Hyatt Regency Hotel
Salt Lake City, Utah
- Hospitality
- Mountain West
- Art Curation
- Portman Architects
The art collection spans the hotel’s suites, conference rooms, pre-function spaces, and rooftop event space.
The art collection features 6 commissions and 7 originals, made primarily by local and regional artists.
Mike Lustig spent more than a month carefully arranging, gluing, and cleaning the 10,000 mirrored tiles featured in his hexagonal lobby installation, ensuring each was perfectly positioned within the correct panel to create a mesmerizing sparkle.
Rachel Denny’s lobby installation features several forest creatures, including a life-sized stag placed above The Hyatt Regency sign and enticing guests into the hotel’s popular Salt Palace Convention Center.
The Story
The art collection at The Hyatt Regency Salt Lake City reflects the city’s new urbanism, serving as the perfect destination for city center exploration or an outdoor adventure among the stunning Wasatch Mountains. With several original artworks made by local creatives, the collection is substantial in both scale and quantity, spanning the hotel’s suites, conference rooms, pre-function spaces, and rooftop event space.
Highlights include Mike Lustig’s captivating installation of 38 hexagonal panels featuring over 10,000 glass tiles, which create a sparkling, reflective light throughout the hotel lobby. Arranged in unique patterns, the hexagons act as interactive mirrors, providing a functional yet fresh attraction for guests.
Nearby, Rachel Denny’s flock of forest animals adorn the walls, beckoning visitors into the Salt Palace Convention Center connected to the hotel. The commission features a life-sized stag made of upcycled fabric sweaters leaping over The Hyatt Regency sign, surrounded by foxes, rabbits, birds, and other creatures – a playful yet sophisticated nod to the nature-filled city. The installation complements a nearby wall vinyl by artist Danae Falliers. Featuring unique depictions of both city life and aspen trees, the imagery is made abstract through Falliers’ technique of distilling a compilation of photos into a single frame, “revealing a stillness that resides underneath or inside the moment.”
Also on the first floor is David LeCheminant’s 3D wooden wall sculpture – symbolic of the Wasatch Mountains – which elevates the hotel’s private dining area. On the third floor, guests can enjoy large-scale commissions by local artists Nick Rees and Justin Wheatley, each showing unique depictions of downtown Salt Lake City. Other hotel highlights include Jeff Horton’s edgy, urban bridge painting, University of Utah Professor Lewis Crawford’s urban abstraction prints, Matthew Sketch’s 6-foot by 6-foot painting featuring 18kt gold leafing, and Laura Mason’s 25 abstract mountain artworks arranged outside the hotel’s fifth floor meeting rooms.

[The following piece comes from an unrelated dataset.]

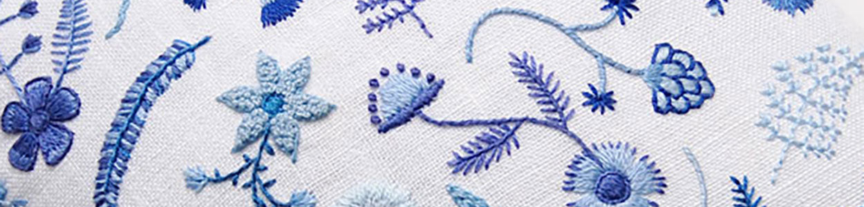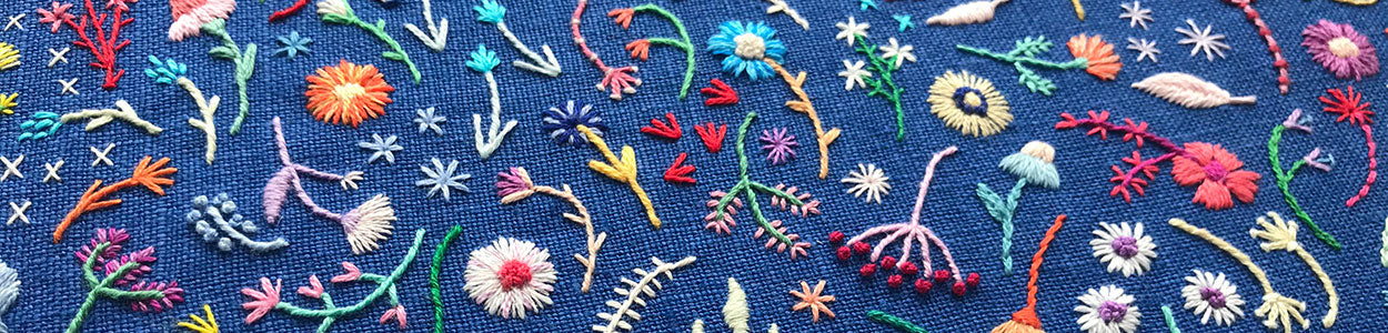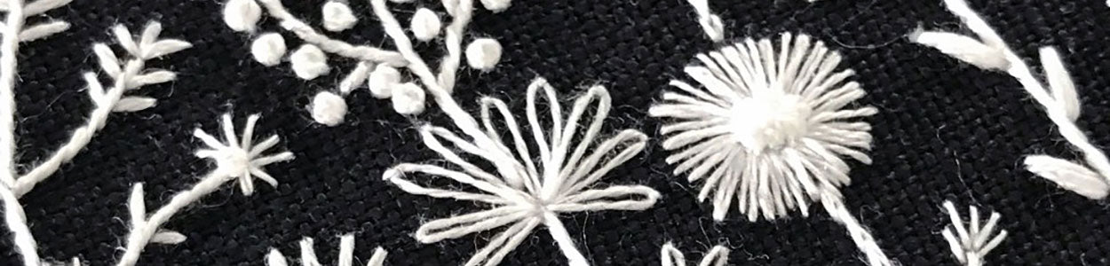 Monochromatic hand embroidery is equal parts challenging and enjoyable. As someone who tends to use a variety of color in most designs, I find that using only one color of thread makes me plan out my particular motifs with more careful consideration.

But the collection doesn’t end inside the hotel. On the sixth floor patio and pool deck area, a massive mural by Salt Lake City artist Joseph Toney employs vibrant colors to depict a modern mountain landscape, producing the perfect backdrop for wedding guests, conference attendees, and the many visitors who come to enjoy The Hyatt’s stunning rooftop.
Altogether, the art collection at The Hyatt Regency Salt Lake City creates a contemporary oasis for hotel guests. Through compelling commissions and bold originals, the collection exudes an urban sophistication that is reflective of the area’s rapid development and progressive expansion, meanwhile complementing the natural world calling from just beyond the city’s borders.